**Exercise**
I'd like every entry transcribed word for word, with no pictures.
***** Records provided *****
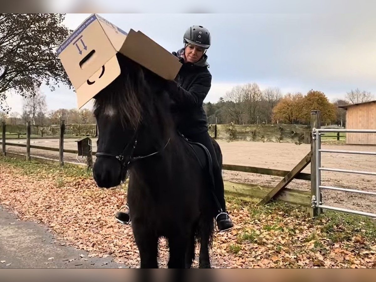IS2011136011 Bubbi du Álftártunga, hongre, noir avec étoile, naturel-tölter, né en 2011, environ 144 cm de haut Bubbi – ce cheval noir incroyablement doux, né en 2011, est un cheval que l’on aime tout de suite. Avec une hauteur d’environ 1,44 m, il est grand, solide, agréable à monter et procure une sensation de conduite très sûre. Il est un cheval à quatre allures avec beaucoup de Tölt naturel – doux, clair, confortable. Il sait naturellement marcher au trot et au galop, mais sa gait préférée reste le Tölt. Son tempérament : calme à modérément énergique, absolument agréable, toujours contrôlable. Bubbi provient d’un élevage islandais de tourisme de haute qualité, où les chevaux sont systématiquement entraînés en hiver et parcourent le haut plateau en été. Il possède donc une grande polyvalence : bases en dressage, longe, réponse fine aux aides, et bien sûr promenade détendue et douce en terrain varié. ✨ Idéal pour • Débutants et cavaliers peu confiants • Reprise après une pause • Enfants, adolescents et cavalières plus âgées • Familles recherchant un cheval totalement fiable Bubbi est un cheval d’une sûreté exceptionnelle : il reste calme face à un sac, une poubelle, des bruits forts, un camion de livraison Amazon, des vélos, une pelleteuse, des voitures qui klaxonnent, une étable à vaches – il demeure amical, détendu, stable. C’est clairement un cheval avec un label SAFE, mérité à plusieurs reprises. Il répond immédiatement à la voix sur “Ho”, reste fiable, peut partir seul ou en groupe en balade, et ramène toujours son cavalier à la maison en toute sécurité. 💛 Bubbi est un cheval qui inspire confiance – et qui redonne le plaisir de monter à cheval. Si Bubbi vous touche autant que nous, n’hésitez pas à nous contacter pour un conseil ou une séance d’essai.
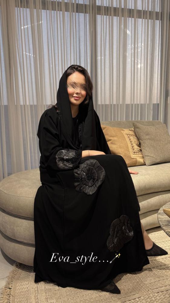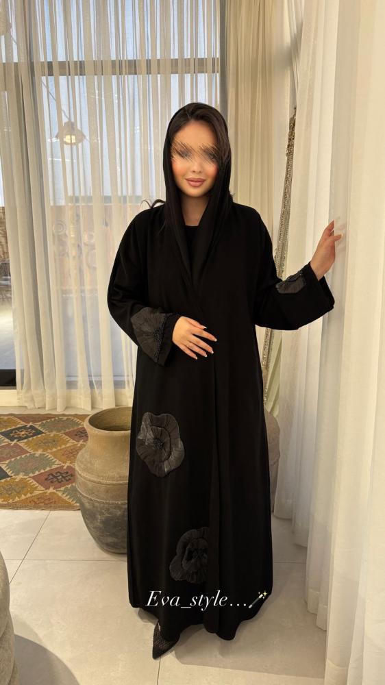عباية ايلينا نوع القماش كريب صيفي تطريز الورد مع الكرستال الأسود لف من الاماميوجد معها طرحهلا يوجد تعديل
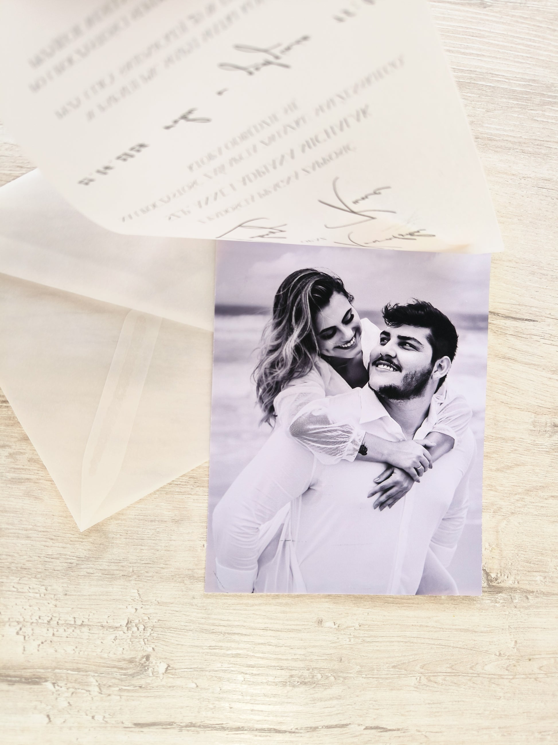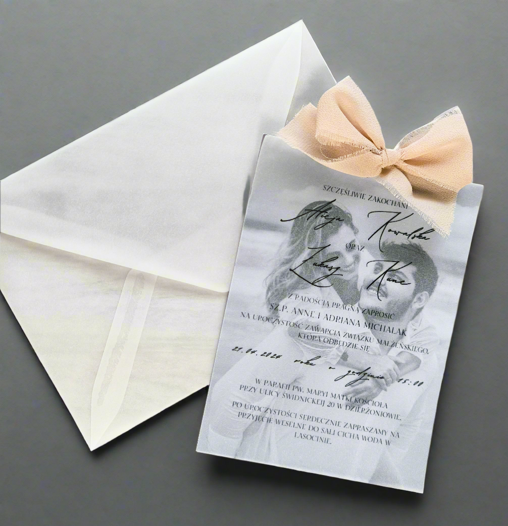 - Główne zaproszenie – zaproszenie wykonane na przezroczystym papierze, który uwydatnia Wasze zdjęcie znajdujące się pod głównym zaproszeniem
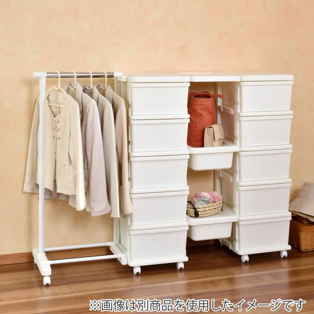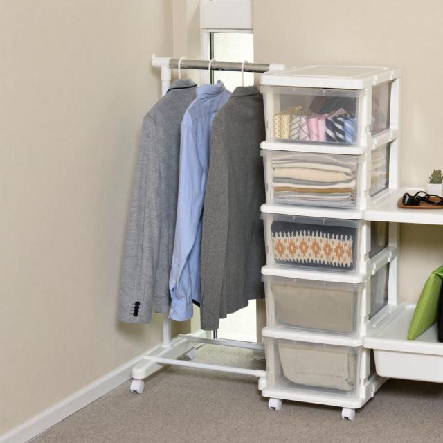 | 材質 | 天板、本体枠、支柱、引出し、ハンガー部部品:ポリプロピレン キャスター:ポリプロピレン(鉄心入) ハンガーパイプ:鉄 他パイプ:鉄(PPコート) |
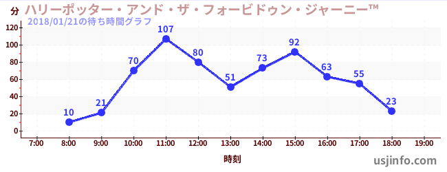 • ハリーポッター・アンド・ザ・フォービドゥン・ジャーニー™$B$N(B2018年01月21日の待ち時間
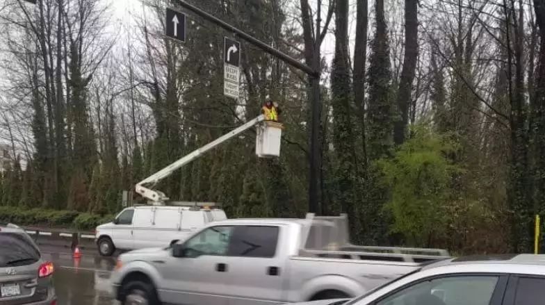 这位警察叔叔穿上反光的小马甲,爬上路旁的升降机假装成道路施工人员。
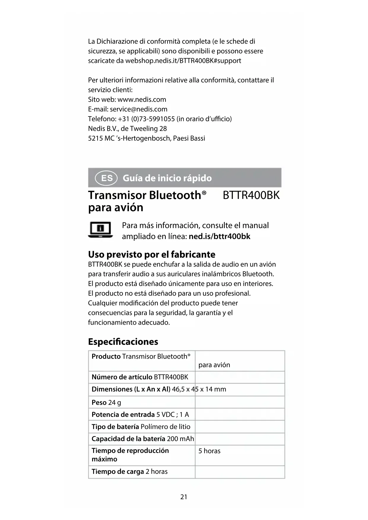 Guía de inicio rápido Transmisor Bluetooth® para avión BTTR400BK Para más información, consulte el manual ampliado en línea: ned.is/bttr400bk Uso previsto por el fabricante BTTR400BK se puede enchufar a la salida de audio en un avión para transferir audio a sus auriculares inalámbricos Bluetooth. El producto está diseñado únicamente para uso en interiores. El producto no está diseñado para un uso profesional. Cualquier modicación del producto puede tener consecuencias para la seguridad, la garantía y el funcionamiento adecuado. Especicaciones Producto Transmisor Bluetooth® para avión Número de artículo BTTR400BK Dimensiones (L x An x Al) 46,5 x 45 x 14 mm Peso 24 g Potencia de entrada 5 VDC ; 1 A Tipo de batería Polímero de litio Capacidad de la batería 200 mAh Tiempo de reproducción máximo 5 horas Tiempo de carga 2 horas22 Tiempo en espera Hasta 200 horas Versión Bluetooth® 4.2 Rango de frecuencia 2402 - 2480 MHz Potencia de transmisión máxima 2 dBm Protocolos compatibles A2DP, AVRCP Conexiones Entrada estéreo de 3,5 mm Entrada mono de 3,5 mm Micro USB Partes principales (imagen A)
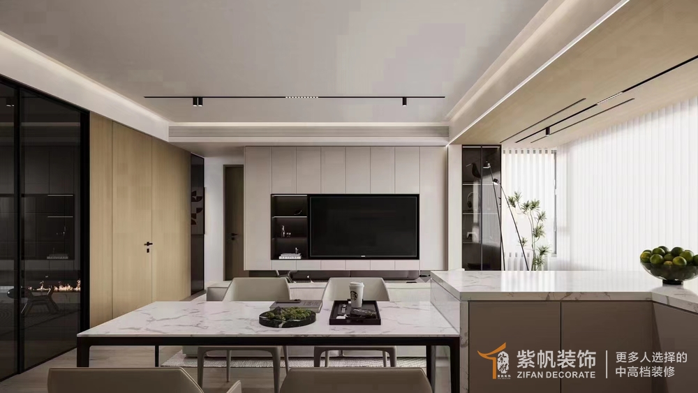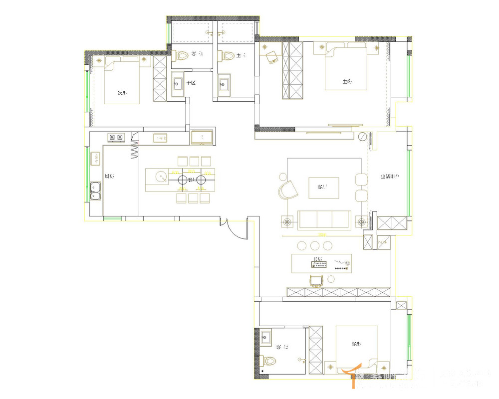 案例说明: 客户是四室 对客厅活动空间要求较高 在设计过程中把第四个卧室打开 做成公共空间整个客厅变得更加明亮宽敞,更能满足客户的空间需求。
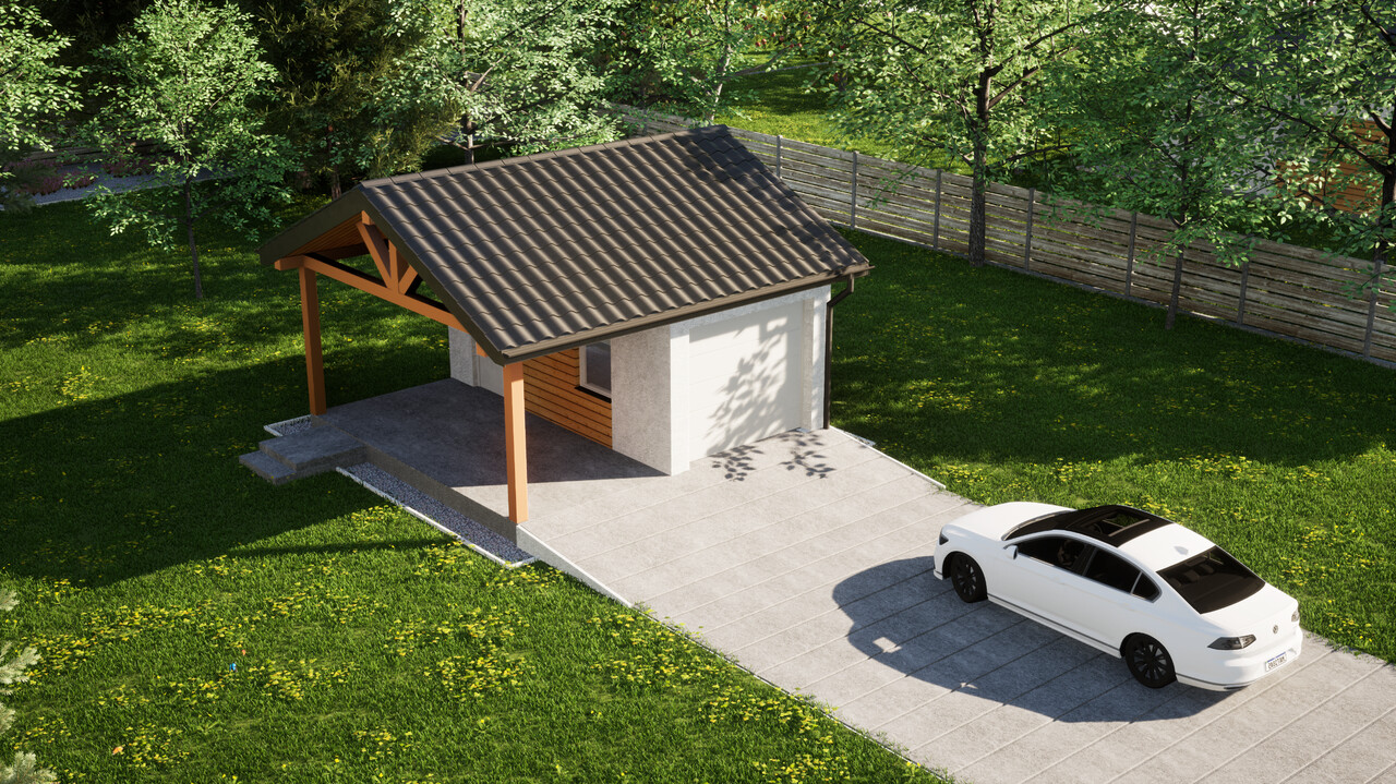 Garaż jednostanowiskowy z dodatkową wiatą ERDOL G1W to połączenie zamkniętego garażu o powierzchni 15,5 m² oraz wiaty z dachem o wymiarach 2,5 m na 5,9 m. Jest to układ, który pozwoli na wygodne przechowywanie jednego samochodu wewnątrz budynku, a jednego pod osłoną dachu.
*****
**Exercise answer**
IS2011136011 Bubbi du Álftártunga, hongre, noir avec étoile, naturel-tölter, né en 2011, environ 144 cm de haut Bubbi – ce cheval noir incroyablement doux, né en 2011, est un cheval que l’on aime tout de suite. Avec une hauteur d’environ 1,44 m, il est grand, solide, agréable à monter et procure une sensation de conduite très sûre. Il est un cheval à quatre allures avec beaucoup de Tölt naturel – doux, clair, confortable. Il sait naturellement marcher au trot et au galop, mais sa gait préférée reste le Tölt. Son tempérament : calme à modérément énergique, absolument agréable, toujours contrôlable. Bubbi provient d’un élevage islandais de tourisme de haute qualité, où les chevaux sont systématiquement entraînés en hiver et parcourent le haut plateau en été. Il possède donc une grande polyvalence : bases en dressage, longe, réponse fine aux aides, et bien sûr promenade détendue et douce en terrain varié. ✨ Idéal pour • Débutants et cavaliers peu confiants • Reprise après une pause • Enfants, adolescents et cavalières plus âgées • Familles recherchant un cheval totalement fiable Bubbi est un cheval d’une sûreté exceptionnelle : il reste calme face à un sac, une poubelle, des bruits forts, un camion de livraison Amazon, des vélos, une pelleteuse, des voitures qui klaxonnent, une étable à vaches – il demeure amical, détendu, stable. C’est clairement un cheval avec un label SAFE, mérité à plusieurs reprises. Il répond immédiatement à la voix sur “Ho”, reste fiable, peut partir seul ou en groupe en balade, et ramène toujours son cavalier à la maison en toute sécurité. 💛 Bubbi est un cheval qui inspire confiance – et qui redonne le plaisir de monter à cheval. Si Bubbi vous touche autant que nous, n’hésitez pas à nous contacter pour un conseil ou une séance d’essai.
عباية ايلينا نوع القماش كريب صيفي تطريز الورد مع الكرستال الأسود لف من الاماميوجد معها طرحهلا يوجد تعديل
 - Główne zaproszenie – zaproszenie wykonane na przezroczystym papierze, który uwydatnia Wasze zdjęcie znajdujące się pod głównym zaproszeniem
 | 材質 | 天板、本体枠、支柱、引出し、ハンガー部部品:ポリプロピレン キャスター:ポリプロピレン(鉄心入) ハンガーパイプ:鉄 他パイプ:鉄(PPコート) |
 • ハリーポッター・アンド・ザ・フォービドゥン・ジャーニー™$B$N(B2018年01月21日の待ち時間
 这位警察叔叔穿上反光的小马甲,爬上路旁的升降机假装成道路施工人员。
 Guía de inicio rápido Transmisor Bluetooth® para avión BTTR400BK Para más información, consulte el manual ampliado en línea: ned.is/bttr400bk Uso previsto por el fabricante BTTR400BK se puede enchufar a la salida de audio en un avión para transferir audio a sus auriculares inalámbricos Bluetooth. El producto está diseñado únicamente para uso en interiores. El producto no está diseñado para un uso profesional. Cualquier modicación del producto puede tener consecuencias para la seguridad, la garantía y el funcionamiento adecuado. Especicaciones Producto Transmisor Bluetooth® para avión Número de artículo BTTR400BK Dimensiones (L x An x Al) 46,5 x 45 x 14 mm Peso 24 g Potencia de entrada 5 VDC ; 1 A Tipo de batería Polímero de litio Capacidad de la batería 200 mAh Tiempo de reproducción máximo 5 horas Tiempo de carga 2 horas22 Tiempo en espera Hasta 200 horas Versión Bluetooth® 4.2 Rango de frecuencia 2402 - 2480 MHz Potencia de transmisión máxima 2 dBm Protocolos compatibles A2DP, AVRCP Conexiones Entrada estéreo de 3,5 mm Entrada mono de 3,5 mm Micro USB Partes principales (imagen A)
 案例说明: 客户是四室 对客厅活动空间要求较高 在设计过程中把第四个卧室打开 做成公共空间整个客厅变得更加明亮宽敞,更能满足客户的空间需求。
 Garaż jednostanowiskowy z dodatkową wiatą ERDOL G1W to połączenie zamkniętego garażu o powierzchni 15,5 m² oraz wiaty z dachem o wymiarach 2,5 m na 5,9 m. Jest to układ, który pozwoli na wygodne przechowywanie jednego samochodu wewnątrz budynku, a jednego pod osłoną dachu.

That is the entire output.